Welcome to the forum @Imjustsosweet ! The hunt and being out in the woods is simply the Best! Maybe You and @ThomasCR (Welcomes to You aswell Thomas)can compare notes, ideas, & help one another out? Worth a shot, if Ya still looking for partners? Were getting close and the rain is upon us!


----------



## greys (Mar 9, 2013)

Center of the state!


----------



## Gary Poe (Apr 5, 2021)

Hey guys. I've been hunting and teaching my kids for several years, Ive been reading the forum for a while and liking what I've been reading on here, it all will come helpful in the future. I might do a scout this weekend and see what's around here "Harrison County" ill let yall know of any finds. I've found a few deer sheds including one non typical while hunting, the sport is multi purpose so keep an open mind I've learned.

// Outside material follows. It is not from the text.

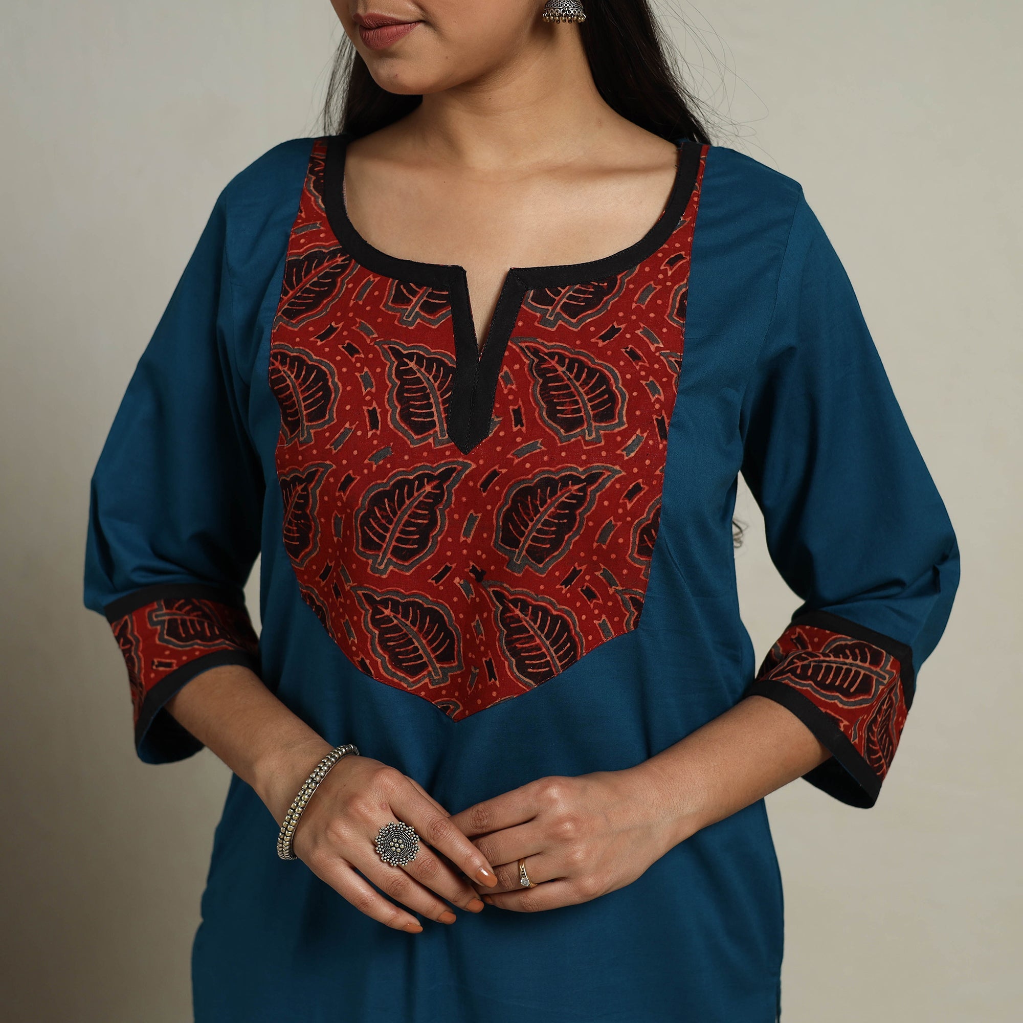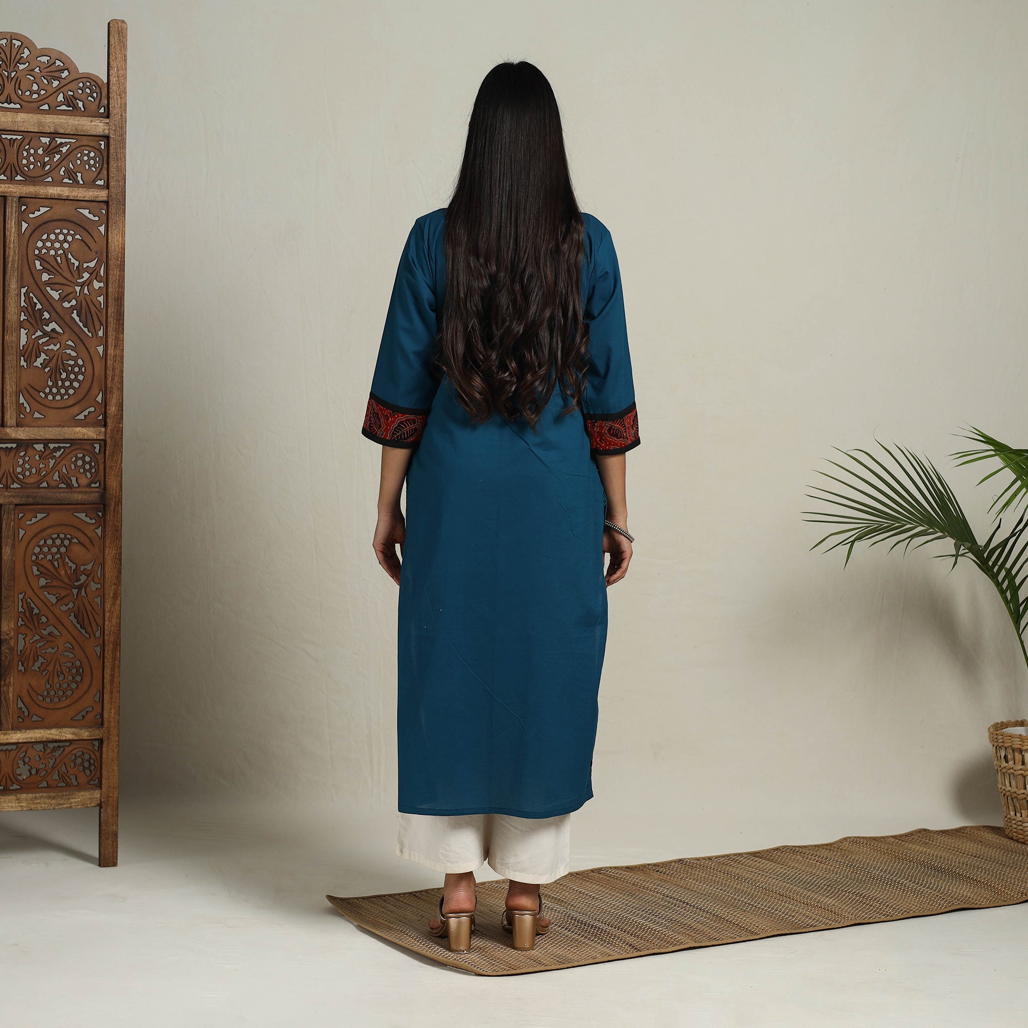 A stylish blend of tradition and modern aesthetics, this block print mosaic fusion straight teal blue plain cotton kurta. Designed for comfort and elegance, its a-line design offers a flattering fit. The kurta also features a convenient one-side pocket, perfect for carrying small essentials. It's an ideal choice for both casual and festive occasions.

I'm trying to learn more about fungi in general as I haven't had a "chicken of the woods" or any other sort that seems to be on everyone's wish list. Have a good'en N letter rain!


----------



## HawkeyeMerkels (May 5, 2018)

greys said:


> Center of the state!


Nice! This was your prediction too, right? Love when a plan comes together!


----------



## HawkeyeMerkels (May 5, 2018)

Gary Poe said:


> Hey guys. I've been hunting and teaching my kids for several years, Ive been reading the forum for a while and liking what I've been reading on here, it all will come helpful in the future. I might do a scout this weekend and see what's around here "Harrison County" ill let yall know of any finds. I've found a few deer sheds including one non typical while hunting, the sport is multi purpose so keep an open mind I've learned. I'm trying to learn more about fungi in general as I haven't had a "chicken of the woods" or any other sort that seems to be on everyone's wish list. Have a good'en N letter rain!


Welcome @Gary Poe ! Glad you joined! Yes, this site has lotsa Great Members & willingly to help if they can(as you probably already know). A Great Resource! I'd like to see the non typical shed, if you ever feel like posting it. G'Luck out there, Look Forward to your report from the West!


----------



## HawkeyeMerkels (May 5, 2018)

Yeeeeesssss!!!! 🌩 Now that was a good downpour in Central IA 🌩 ! Refreshing & Smelling of Spring!! Hopeful for more 🌧 tomorrow too. Seen next week temps, so far & I'm pleasantly surprised. 50-60s Highs & Lil colder with 30s for overnight Lows. Looking Real Good! Seems like Springtime..not this winter direct to Summer routine!! No more 80s til late May & Im Okay!


----------



## ThomasCR (Mar 31, 2021)

morel meister said:


> With the amount of devastation to the trees in CR and surrounding areas last year I'm guessing the Mycelia will be in full on panic mode this year. I expect it to be an extraordinary year with people finding them in their yards and everywhere else that was suddenly deforested by the derecho.
> [/QUOTE





Imjustsosweet said:


> This is what a suspected back when the storm first hit. I am a novice shroom hunter at best in the CR/Marion area. I don’t actually like eating them, I mostly just like being outside and the thrill of the hunt. Does anyone know of groups that go out looking together in the CR area? I don’t want to keep anything I find, but I would love to learn some tips and help people who have property to pick that may not be able to do so themselves.
> If anyone knows about something like that let me know.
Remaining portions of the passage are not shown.